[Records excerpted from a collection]
= Beginning of Section =

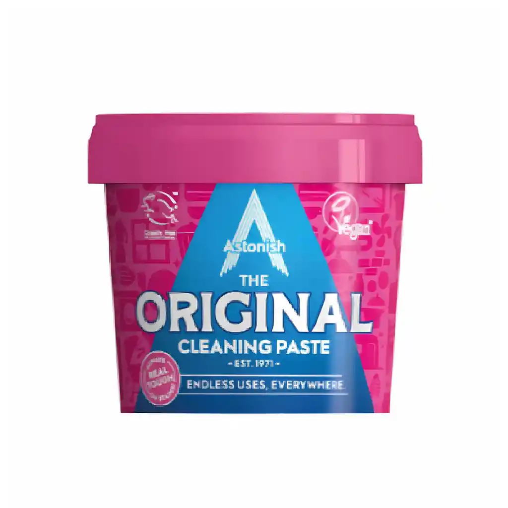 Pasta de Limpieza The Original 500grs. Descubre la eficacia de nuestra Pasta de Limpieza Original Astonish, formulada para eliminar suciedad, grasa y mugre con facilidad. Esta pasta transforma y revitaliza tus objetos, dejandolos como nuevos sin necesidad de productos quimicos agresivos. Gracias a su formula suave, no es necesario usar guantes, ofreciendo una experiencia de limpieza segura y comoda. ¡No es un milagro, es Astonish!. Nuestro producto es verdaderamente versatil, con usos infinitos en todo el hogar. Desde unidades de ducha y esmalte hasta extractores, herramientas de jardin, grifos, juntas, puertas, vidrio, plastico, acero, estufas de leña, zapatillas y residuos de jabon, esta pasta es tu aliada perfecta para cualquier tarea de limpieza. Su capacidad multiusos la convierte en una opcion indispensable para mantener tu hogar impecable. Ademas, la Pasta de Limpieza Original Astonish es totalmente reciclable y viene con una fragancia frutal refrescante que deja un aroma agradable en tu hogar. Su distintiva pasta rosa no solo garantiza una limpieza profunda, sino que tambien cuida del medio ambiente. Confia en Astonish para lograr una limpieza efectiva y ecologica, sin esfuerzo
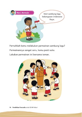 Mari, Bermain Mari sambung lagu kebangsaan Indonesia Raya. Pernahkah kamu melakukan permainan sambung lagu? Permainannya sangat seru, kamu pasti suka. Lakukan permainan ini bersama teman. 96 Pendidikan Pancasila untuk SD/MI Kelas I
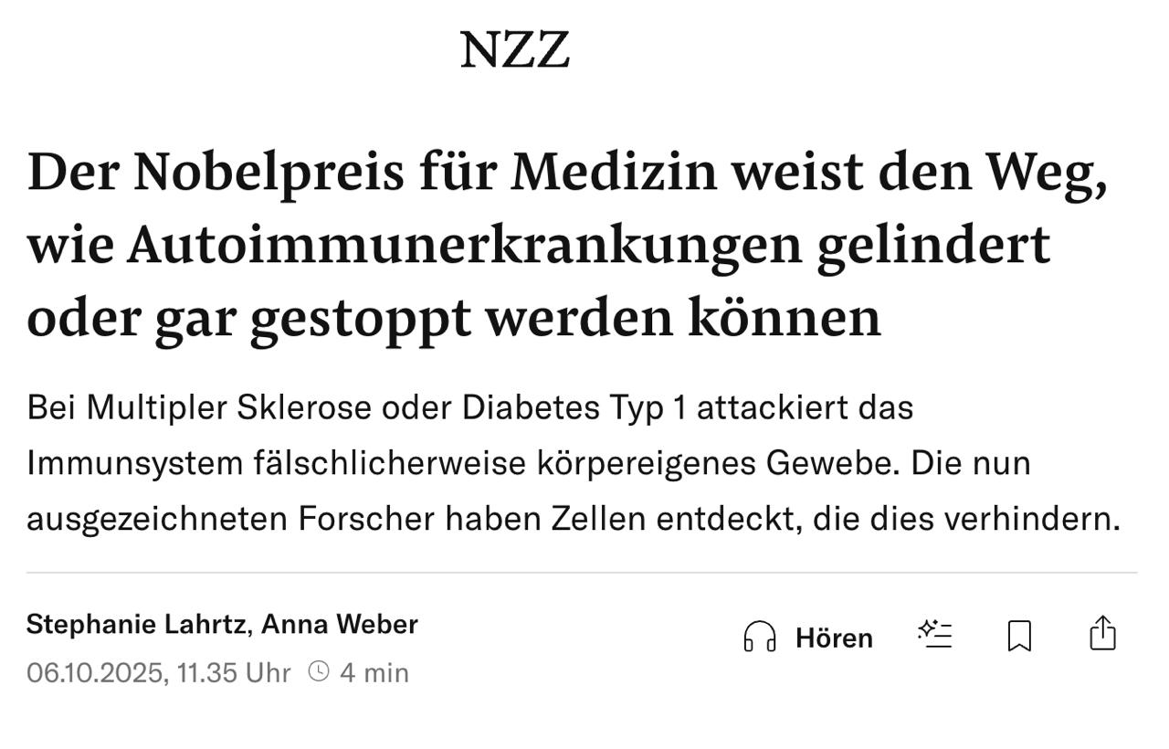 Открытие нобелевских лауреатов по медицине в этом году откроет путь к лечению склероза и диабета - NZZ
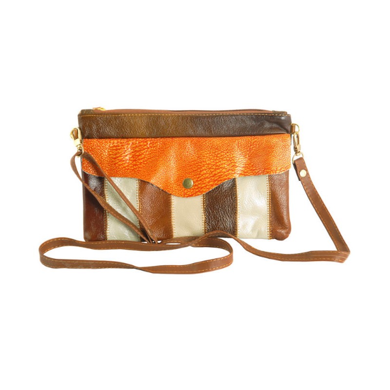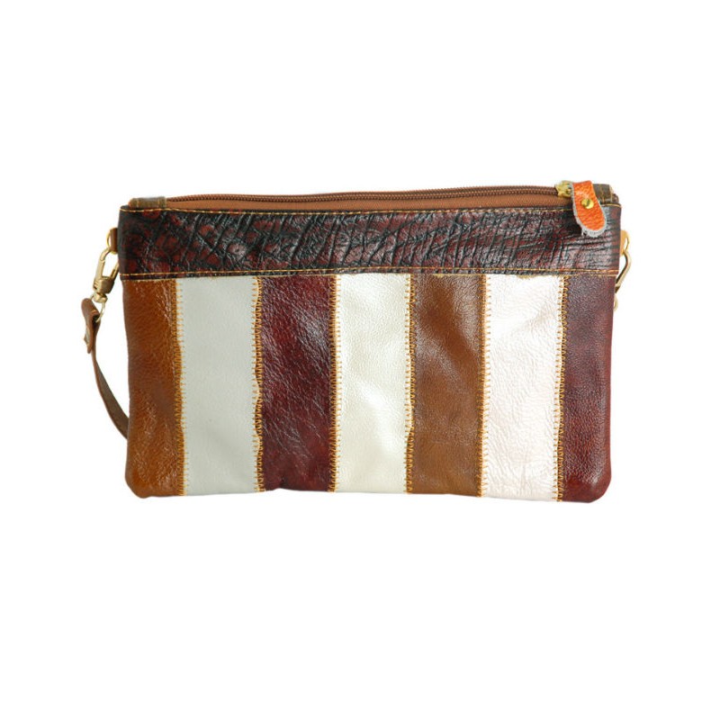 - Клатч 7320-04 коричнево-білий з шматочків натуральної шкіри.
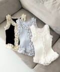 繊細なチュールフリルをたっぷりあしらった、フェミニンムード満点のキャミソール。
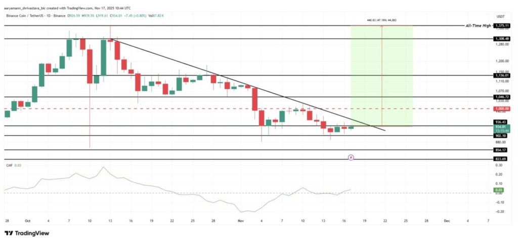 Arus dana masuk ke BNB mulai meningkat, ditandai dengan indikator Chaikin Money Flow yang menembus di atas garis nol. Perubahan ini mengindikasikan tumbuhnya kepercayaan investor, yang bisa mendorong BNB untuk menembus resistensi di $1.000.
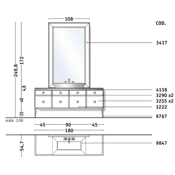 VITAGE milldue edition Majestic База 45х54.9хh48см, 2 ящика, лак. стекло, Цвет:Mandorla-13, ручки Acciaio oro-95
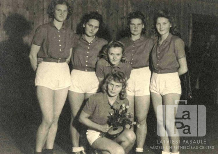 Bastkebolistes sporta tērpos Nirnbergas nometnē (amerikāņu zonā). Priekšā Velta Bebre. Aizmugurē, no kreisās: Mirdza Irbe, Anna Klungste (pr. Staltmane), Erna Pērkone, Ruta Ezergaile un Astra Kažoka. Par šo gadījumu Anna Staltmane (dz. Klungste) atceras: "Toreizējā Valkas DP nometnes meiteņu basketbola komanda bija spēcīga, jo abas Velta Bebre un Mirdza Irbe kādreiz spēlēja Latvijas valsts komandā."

= End of Section =

**What you should do**
Emit the lines of the data above from the one containing "Открытие нобелевских лауреатов" through its final line, both endpoints included. Pictures do not belong in the output.

**Written solution**
 Открытие нобелевских лауреатов по медицине в этом году откроет путь к лечению склероза и диабета - NZZ
 - Клатч 7320-04 коричнево-білий з шматочків натуральної шкіри.
 繊細なチュールフリルをたっぷりあしらった、フェミニンムード満点のキャミソール。
 Arus dana masuk ke BNB mulai meningkat, ditandai dengan indikator Chaikin Money Flow yang menembus di atas garis nol. Perubahan ini mengindikasikan tumbuhnya kepercayaan investor, yang bisa mendorong BNB untuk menembus resistensi di $1.000.
 VITAGE milldue edition Majestic База 45х54.9хh48см, 2 ящика, лак. стекло, Цвет:Mandorla-13, ручки Acciaio oro-95
 Bastkebolistes sporta tērpos Nirnbergas nometnē (amerikāņu zonā). Priekšā Velta Bebre. Aizmugurē, no kreisās: Mirdza Irbe, Anna Klungste (pr. Staltmane), Erna Pērkone, Ruta Ezergaile un Astra Kažoka. Par šo gadījumu Anna Staltmane (dz. Klungste) atceras: "Toreizējā Valkas DP nometnes meiteņu basketbola komanda bija spēcīga, jo abas Velta Bebre un Mirdza Irbe kādreiz spēlēja Latvijas valsts komandā."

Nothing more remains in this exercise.